Sunday, March 27, 2011

Happy But Frustrated

Here it is Sunday night and I find myself frustrated and happy.  I am happy because I enjoyed the weekend.  I had planned to take off Friday but I ended up helping decorate a table for the hospital at a senior citizen fund raiser.  I am really proud of how the table came out.


The center piece is one I put together for my dining room.  I added the hurricane lamps that also came from my dining room

My niece came for a very short visit - she is allowing me to keep her four-legged babies while she finishes her last year of college.

Meet Angel - She is 11 years old. She is a sweet girl.


And, Oreo - he is 10 years-old. He is a great guy. He is trying hard to understand why he has to share our house with other four-legged babies.


Ok - so why am I frustrated - Another week has gone by and I have read a couple of books on running but not hit the road. So maybe next week.  Maybe my motivation will find the strength to get me up and moving.
Have a great week ~

Tuesday, March 22, 2011

Why can't I run at night?

No Fear - I have always lived by this rule.  I know I am blessed. I know God is watching over me. My husband also lives by this rule. So, why is he so weird about me going running at night?

I am not a morning person. If I could start my day at 10 AM, I would be very happy.  I do my best work at 8 PM. 

My life is full. I work 8 to sometimes 6:30 at night. I come home and work on line till 9 or 10 PM (at least four nights a week).  I spend my lunch time at meetings or checking in on the Great River Charitable Clinic.

So, running after dark is logical to me.  Last night I said something about running - he acted weired. I said I would take one of the dogs with me - he immediately started asking what I would do if a stray dog came after us.  - What is a girl to do?

Monday, March 21, 2011

Repacking the waggon.

It has been a while since I sat down to write – Last week I wondered why my wagon wound not roll - but this week I know the wagon is rolling. I just need to repack the wagon to make everything fit.
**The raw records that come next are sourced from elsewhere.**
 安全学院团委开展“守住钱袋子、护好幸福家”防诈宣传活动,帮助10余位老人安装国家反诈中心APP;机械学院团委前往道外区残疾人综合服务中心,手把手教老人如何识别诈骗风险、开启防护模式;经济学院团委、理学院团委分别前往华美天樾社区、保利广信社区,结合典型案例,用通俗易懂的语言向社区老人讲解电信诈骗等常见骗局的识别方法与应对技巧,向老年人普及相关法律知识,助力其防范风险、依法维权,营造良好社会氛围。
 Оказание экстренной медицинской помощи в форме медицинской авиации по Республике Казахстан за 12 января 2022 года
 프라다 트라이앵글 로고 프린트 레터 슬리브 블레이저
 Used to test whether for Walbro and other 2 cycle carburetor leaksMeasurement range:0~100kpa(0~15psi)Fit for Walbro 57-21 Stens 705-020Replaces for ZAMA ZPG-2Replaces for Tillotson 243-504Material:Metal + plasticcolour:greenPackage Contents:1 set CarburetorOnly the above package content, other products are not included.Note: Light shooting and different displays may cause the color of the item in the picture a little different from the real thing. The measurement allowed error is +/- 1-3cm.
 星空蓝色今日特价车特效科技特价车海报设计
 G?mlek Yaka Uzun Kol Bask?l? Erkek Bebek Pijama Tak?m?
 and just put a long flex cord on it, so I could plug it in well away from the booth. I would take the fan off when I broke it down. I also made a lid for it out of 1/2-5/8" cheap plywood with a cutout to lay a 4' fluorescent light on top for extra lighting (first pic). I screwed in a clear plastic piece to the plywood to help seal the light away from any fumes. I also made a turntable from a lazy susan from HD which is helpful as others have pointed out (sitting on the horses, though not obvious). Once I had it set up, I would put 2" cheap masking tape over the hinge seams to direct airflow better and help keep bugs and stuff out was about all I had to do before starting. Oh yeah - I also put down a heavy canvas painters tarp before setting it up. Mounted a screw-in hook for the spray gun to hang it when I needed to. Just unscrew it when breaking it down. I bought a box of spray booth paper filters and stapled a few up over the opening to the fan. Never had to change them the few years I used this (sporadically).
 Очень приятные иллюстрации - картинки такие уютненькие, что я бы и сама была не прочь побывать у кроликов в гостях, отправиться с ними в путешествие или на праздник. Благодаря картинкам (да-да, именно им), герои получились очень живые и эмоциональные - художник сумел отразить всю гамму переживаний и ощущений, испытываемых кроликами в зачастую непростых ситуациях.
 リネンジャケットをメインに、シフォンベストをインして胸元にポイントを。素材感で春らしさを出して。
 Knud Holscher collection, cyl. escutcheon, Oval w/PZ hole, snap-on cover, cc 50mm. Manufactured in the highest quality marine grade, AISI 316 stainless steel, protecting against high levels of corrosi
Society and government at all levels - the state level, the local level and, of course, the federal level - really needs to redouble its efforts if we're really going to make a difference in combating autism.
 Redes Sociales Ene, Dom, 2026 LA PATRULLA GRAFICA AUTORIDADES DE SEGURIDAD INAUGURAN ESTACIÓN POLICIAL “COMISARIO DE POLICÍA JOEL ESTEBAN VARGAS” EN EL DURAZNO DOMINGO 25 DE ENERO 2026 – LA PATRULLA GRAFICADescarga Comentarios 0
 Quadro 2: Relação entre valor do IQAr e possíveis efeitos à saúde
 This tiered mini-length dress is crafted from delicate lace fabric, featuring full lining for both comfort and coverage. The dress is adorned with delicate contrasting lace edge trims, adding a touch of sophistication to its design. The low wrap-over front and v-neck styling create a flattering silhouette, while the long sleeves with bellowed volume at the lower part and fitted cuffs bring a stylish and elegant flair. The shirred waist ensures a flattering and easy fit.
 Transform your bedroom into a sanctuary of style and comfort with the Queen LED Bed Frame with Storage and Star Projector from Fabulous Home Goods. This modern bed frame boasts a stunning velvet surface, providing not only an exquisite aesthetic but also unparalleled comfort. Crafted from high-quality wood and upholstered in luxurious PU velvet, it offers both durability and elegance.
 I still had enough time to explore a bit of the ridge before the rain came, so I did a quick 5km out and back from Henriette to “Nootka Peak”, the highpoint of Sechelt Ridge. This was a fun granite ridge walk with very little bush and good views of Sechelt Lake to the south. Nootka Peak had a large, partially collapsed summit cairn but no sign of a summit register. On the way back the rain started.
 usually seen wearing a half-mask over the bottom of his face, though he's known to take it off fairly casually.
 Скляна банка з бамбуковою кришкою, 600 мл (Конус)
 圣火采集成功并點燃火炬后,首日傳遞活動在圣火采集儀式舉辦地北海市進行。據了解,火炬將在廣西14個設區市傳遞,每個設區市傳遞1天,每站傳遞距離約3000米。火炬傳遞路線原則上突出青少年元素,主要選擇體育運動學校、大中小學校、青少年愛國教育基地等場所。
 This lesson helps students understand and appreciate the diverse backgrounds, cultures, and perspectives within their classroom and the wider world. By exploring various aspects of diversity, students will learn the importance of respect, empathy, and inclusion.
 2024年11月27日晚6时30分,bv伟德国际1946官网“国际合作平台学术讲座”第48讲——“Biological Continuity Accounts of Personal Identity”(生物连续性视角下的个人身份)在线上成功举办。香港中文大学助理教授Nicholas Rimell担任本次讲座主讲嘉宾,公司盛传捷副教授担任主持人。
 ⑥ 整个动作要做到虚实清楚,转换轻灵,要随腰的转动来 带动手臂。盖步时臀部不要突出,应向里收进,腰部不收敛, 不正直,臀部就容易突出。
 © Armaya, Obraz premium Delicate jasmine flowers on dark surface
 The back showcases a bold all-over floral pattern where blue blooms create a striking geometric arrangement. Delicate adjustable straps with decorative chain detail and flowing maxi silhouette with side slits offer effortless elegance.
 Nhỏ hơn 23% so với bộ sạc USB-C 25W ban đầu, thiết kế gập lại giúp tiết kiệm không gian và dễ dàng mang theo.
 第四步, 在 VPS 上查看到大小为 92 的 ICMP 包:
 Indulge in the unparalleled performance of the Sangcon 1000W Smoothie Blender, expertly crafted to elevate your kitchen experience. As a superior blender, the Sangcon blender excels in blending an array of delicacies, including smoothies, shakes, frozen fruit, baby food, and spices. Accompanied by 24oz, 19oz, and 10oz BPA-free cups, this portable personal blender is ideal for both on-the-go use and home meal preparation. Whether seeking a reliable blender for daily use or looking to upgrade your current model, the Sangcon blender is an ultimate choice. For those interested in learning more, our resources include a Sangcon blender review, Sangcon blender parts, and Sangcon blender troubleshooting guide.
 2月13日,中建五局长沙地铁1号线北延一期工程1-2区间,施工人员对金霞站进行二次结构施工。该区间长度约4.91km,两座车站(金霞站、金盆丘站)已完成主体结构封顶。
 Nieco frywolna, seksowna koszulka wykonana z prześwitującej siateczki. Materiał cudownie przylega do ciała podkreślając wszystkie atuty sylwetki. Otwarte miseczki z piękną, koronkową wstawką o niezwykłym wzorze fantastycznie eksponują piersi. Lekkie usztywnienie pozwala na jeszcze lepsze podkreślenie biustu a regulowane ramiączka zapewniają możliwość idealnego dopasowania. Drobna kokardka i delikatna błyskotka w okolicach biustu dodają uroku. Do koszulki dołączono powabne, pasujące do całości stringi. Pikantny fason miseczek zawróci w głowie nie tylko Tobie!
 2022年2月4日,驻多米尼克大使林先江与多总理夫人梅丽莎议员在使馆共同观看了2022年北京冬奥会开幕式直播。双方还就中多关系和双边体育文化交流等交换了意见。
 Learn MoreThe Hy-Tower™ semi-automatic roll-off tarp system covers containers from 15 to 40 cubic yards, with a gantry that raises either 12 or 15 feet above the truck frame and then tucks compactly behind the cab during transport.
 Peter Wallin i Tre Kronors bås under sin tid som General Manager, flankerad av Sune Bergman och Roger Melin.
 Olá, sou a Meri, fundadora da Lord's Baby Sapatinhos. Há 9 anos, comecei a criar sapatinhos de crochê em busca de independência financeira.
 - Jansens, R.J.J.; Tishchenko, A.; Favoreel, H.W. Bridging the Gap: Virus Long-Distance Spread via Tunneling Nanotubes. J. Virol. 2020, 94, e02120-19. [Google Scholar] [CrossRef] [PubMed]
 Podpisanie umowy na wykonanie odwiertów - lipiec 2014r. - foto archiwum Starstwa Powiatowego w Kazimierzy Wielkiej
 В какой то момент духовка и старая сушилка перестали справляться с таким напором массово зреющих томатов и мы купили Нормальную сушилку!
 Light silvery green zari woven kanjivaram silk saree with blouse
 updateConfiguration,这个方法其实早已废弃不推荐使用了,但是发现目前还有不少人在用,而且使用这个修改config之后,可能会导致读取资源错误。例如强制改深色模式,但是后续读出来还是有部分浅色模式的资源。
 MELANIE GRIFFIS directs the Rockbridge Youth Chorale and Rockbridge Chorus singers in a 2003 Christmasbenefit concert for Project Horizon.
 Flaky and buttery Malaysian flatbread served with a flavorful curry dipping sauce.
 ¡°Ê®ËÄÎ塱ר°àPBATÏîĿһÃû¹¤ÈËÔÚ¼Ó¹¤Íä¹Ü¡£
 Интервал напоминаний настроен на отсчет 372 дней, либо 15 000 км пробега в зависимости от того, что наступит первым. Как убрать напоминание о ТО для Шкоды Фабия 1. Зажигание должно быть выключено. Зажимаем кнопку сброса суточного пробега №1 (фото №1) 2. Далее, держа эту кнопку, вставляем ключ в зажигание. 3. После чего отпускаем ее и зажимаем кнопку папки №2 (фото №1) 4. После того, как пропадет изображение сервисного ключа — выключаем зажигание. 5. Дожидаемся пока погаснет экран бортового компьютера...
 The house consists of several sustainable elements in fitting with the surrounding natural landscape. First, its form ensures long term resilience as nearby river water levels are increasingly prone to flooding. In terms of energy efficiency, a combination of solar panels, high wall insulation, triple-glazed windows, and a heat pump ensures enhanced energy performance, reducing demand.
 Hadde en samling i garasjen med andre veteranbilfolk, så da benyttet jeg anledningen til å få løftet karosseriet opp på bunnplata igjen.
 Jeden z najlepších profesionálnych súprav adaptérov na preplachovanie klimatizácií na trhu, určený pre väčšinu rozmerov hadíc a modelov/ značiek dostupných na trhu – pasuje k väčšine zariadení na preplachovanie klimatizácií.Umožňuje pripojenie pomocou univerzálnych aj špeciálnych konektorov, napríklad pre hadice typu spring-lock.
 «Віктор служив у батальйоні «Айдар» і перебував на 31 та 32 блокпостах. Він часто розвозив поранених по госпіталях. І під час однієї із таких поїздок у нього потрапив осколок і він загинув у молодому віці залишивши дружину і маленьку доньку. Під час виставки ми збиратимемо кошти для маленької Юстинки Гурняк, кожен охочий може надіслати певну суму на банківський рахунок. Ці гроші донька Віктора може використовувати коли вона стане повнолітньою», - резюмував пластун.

Blogging is therapy for me. I was reading Maria Shiver’s blog tonight on managing your to-do-list without getting distracted.  I realize I put important task on my to-do-list but I never include me time.
I live by a to-do-list (actually my outlook calendar on my iPhone). The little black techie thing I carry around with me everyday - you know the thing that makes you panic if you can't find it.
I was reading Jeff Galloway’s book Marathon You Can Do It. Mr. Galloway says I only need 30 minutes a day. 30 minutes is not much time. Looking at the little black thing in my hand I have thirty minutes - everyday (and for those of you who know me - it is not during sleep time).
So my new to-do is 30 minutes a day of me time. Running, petting a four-legged baby, or blogging these are the things that make me happy. I am repacking the wagon.

Tuesday, March 08, 2011

The Waggon

Why is that one day you a riding the proverbial wagon, life is great. You are moving along. When a bumps comes along you just hang on you were prepared for the bump.
The next time you try to ride the wagon you can't stay on the wagon no matter what you do? The wagon keeps stopping or flips over. You have no will power, strength & motivation. It is just easier to walk. Should I paint the wagon make it more attractive? Buy a new wagon, maybe the old one is worn-out? Maybe I have forgotten how to drive the wagon, education? Maybe I was just meant to walk? The mysteries of life.